Task directions –
Below are the records. Reproduce exactly the lines from the one containing "Beauteous Gold A-line" through the final line, and omit any pictures.

[Extracted data entries]
··········
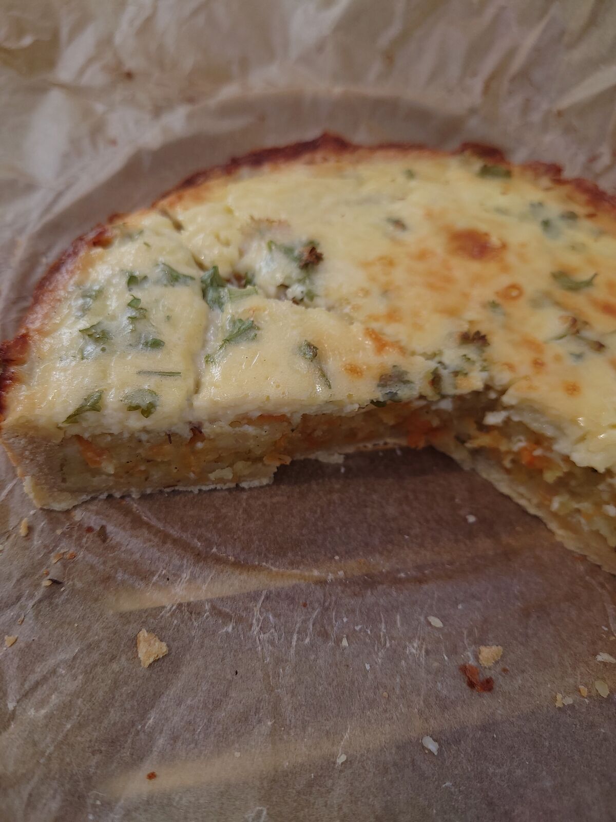 И одновременно с ней не знаю как назвать- запеканка что ли из кабачков, филе, моркови и сливок
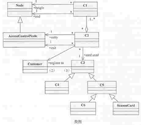 2、根据说明中的描述,给出图3-2中缺少的C1~C6所对应的类名以及(2)~(3)处所对应的多重度(类名使用说明中给出的英文词汇)。
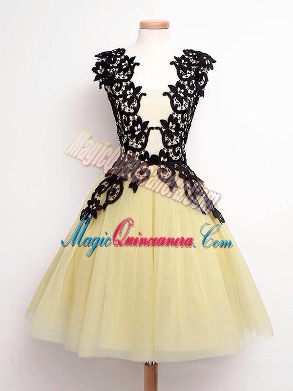 Beauteous Gold A-line Tulle Straps Sleeveless Lace Knee Length Lace Up Damas Dress
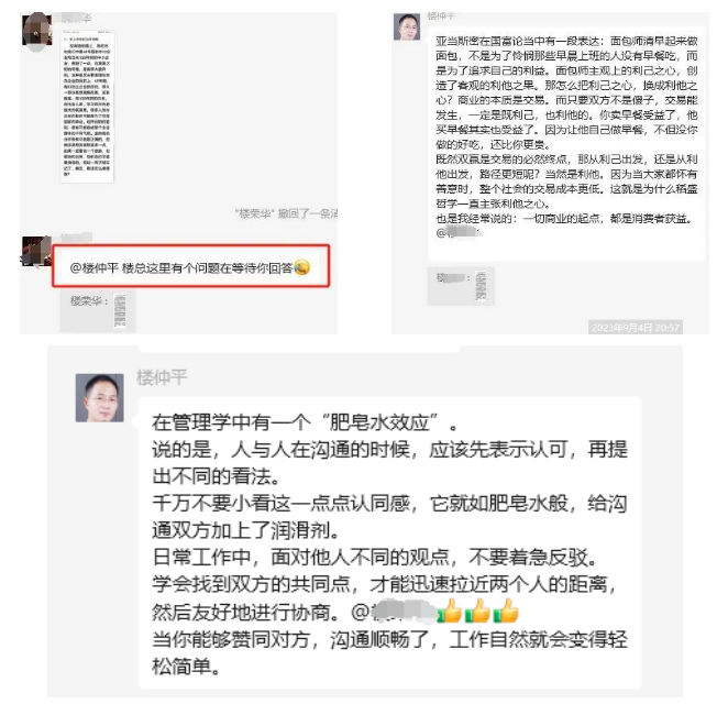 每一個(gè)站點(diǎn)參訪結(jié)束,導(dǎo)師樓仲平都會(huì)利用“巴士課堂”對(duì)參訪站點(diǎn)進(jìn)行總結(jié),并且在一天的參訪結(jié)束之后,會(huì)在交流群以“批改作業(yè)”的形式,對(duì)學(xué)員提出的問(wèn)題更是“知無(wú)不言”!讓每一位學(xué)員的游學(xué)之旅,都不是走馬觀花,而是有深度的研學(xué),最終滿載而歸!
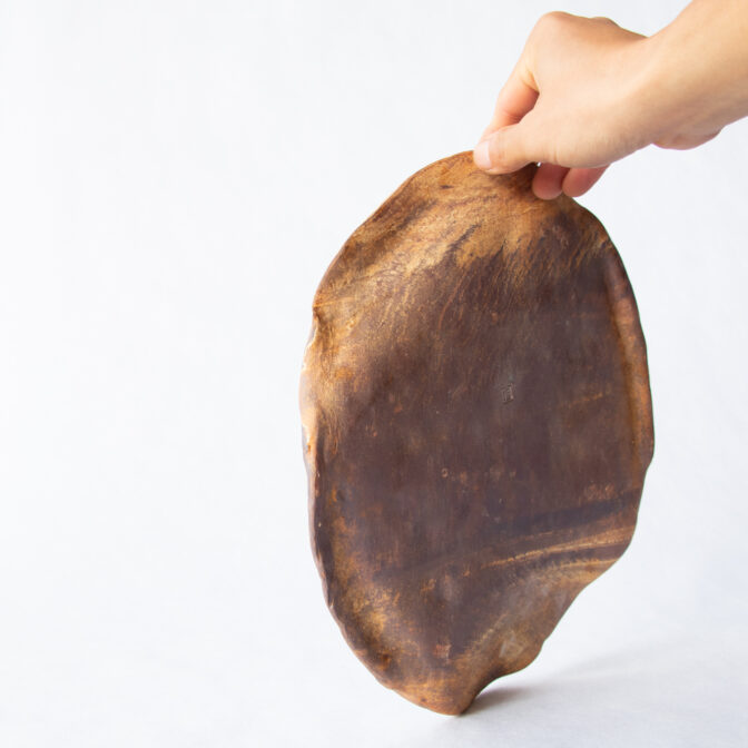 一番最初は「お皿自体に高低差や凹凸があって、形も整ってないオーガニックなもので、そんな感じで 後はお任せで」ということで できたお皿です。
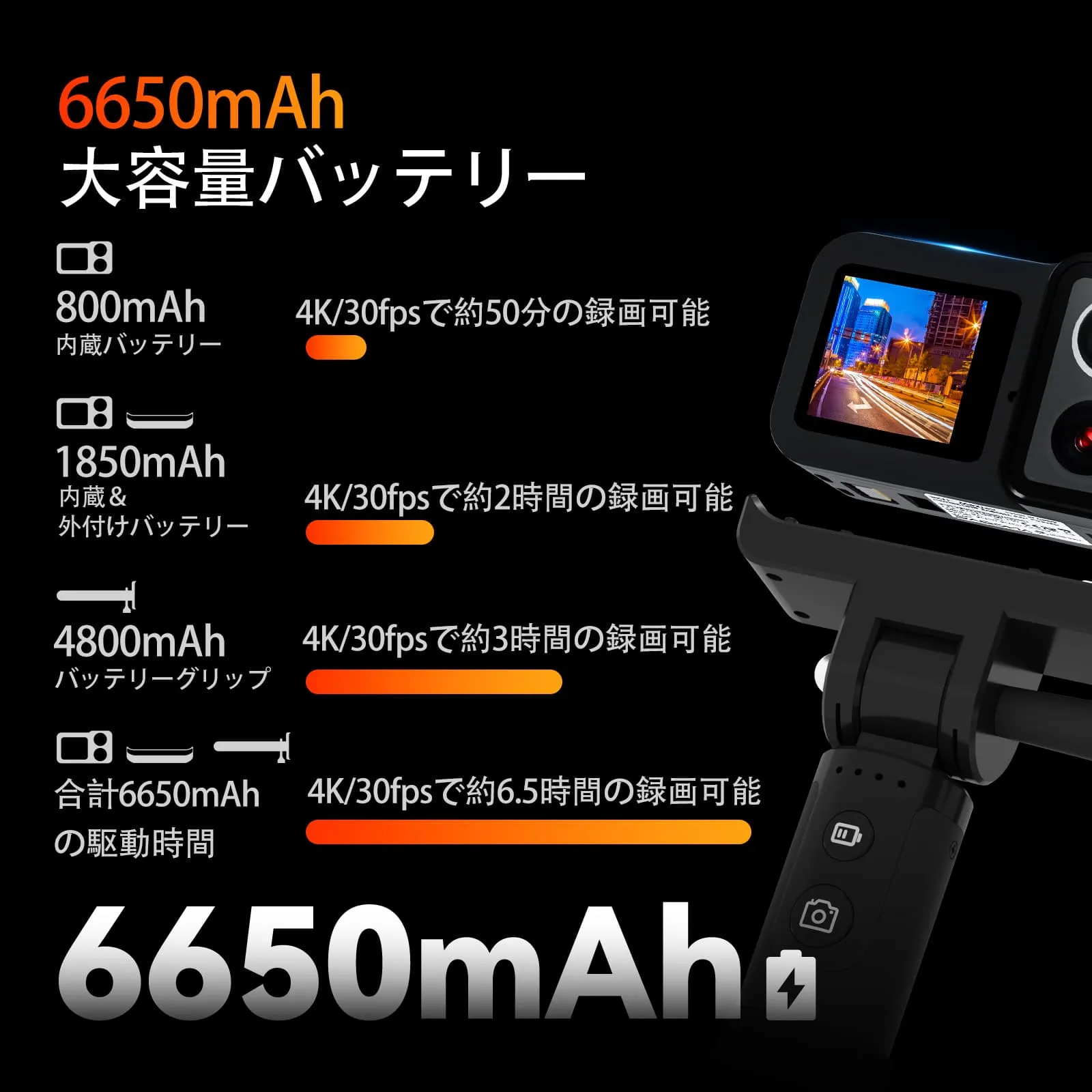 ・超長連続撮影。高性能800mAhバッテリーを内蔵し、外付け1050mAhバッテリーと充電式4800mAhカメラハンドルを組み合わせることで、充電せずに最大6.5時間撮影できます。
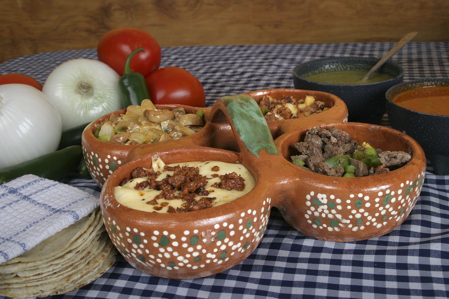 Para taquear, queso asadero combinado con bistec, chorizo, champiñones, pimiento morrón y cebollita.
··········
Task output –
 Beauteous Gold A-line Tulle Straps Sleeveless Lace Knee Length Lace Up Damas Dress
 每一個(gè)站點(diǎn)參訪結(jié)束,導(dǎo)師樓仲平都會(huì)利用“巴士課堂”對(duì)參訪站點(diǎn)進(jìn)行總結(jié),并且在一天的參訪結(jié)束之后,會(huì)在交流群以“批改作業(yè)”的形式,對(duì)學(xué)員提出的問(wèn)題更是“知無(wú)不言”!讓每一位學(xué)員的游學(xué)之旅,都不是走馬觀花,而是有深度的研學(xué),最終滿載而歸!
 一番最初は「お皿自体に高低差や凹凸があって、形も整ってないオーガニックなもので、そんな感じで 後はお任せで」ということで できたお皿です。
 ・超長連続撮影。高性能800mAhバッテリーを内蔵し、外付け1050mAhバッテリーと充電式4800mAhカメラハンドルを組み合わせることで、充電せずに最大6.5時間撮影できます。
 Para taquear, queso asadero combinado con bistec, chorizo, champiñones, pimiento morrón y cebollita.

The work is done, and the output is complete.